## SOURCE MATERIAL
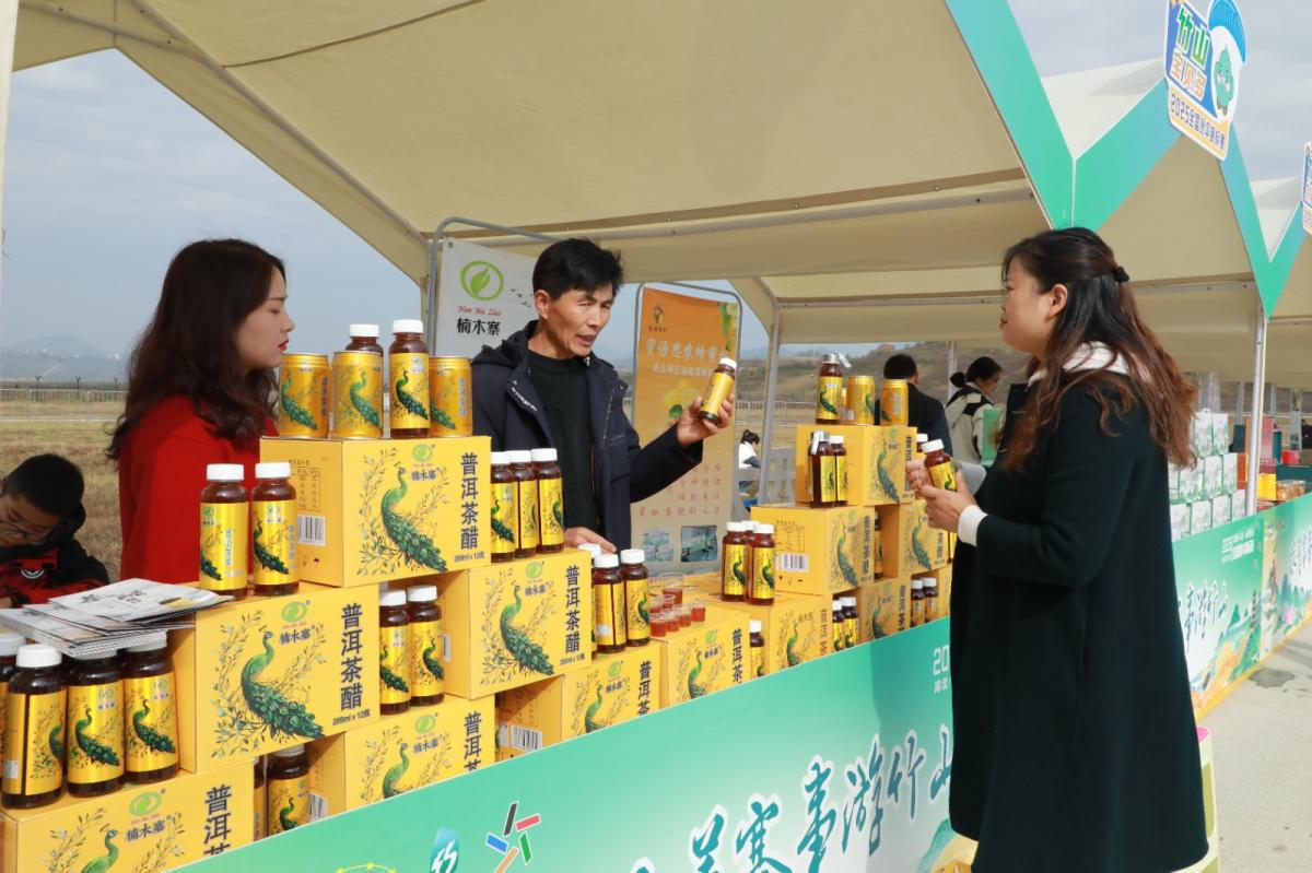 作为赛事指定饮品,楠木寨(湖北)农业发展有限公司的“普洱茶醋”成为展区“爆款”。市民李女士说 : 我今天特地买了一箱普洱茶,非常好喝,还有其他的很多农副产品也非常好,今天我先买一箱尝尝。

--

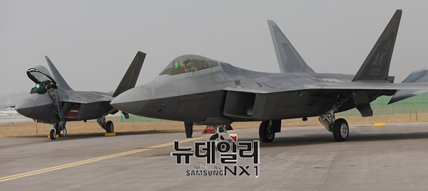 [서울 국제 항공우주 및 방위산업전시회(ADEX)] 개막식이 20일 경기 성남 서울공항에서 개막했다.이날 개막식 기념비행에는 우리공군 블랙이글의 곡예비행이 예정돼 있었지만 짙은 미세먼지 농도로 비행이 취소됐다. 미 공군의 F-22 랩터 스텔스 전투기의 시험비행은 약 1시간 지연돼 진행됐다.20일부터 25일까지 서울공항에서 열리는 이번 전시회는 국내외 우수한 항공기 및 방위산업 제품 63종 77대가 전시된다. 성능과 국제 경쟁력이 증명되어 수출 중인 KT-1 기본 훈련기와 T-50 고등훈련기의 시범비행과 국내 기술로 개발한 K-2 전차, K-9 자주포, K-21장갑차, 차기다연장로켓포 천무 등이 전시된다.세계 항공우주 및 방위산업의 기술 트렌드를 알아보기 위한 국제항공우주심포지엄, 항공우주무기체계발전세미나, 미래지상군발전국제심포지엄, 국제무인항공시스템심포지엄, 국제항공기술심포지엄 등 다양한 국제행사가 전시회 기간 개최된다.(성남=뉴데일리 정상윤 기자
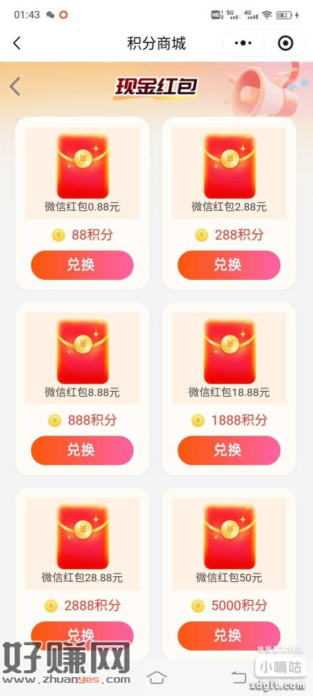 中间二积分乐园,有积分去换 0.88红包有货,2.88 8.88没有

## EXERCISE
Your answer should be the lines above, word for word, from the line with "[서울 국제 항공우주" through the line with "中间二积分乐园,有积分去换 0.88红包有货,2.88 8.88没有", minus the pictures.

## REPLY TO THE TASK
 [서울 국제 항공우주 및 방위산업전시회(ADEX)] 개막식이 20일 경기 성남 서울공항에서 개막했다.이날 개막식 기념비행에는 우리공군 블랙이글의 곡예비행이 예정돼 있었지만 짙은 미세먼지 농도로 비행이 취소됐다. 미 공군의 F-22 랩터 스텔스 전투기의 시험비행은 약 1시간 지연돼 진행됐다.20일부터 25일까지 서울공항에서 열리는 이번 전시회는 국내외 우수한 항공기 및 방위산업 제품 63종 77대가 전시된다. 성능과 국제 경쟁력이 증명되어 수출 중인 KT-1 기본 훈련기와 T-50 고등훈련기의 시범비행과 국내 기술로 개발한 K-2 전차, K-9 자주포, K-21장갑차, 차기다연장로켓포 천무 등이 전시된다.세계 항공우주 및 방위산업의 기술 트렌드를 알아보기 위한 국제항공우주심포지엄, 항공우주무기체계발전세미나, 미래지상군발전국제심포지엄, 국제무인항공시스템심포지엄, 국제항공기술심포지엄 등 다양한 국제행사가 전시회 기간 개최된다.(성남=뉴데일리 정상윤 기자
 中间二积分乐园,有积分去换 0.88红包有货,2.88 8.88没有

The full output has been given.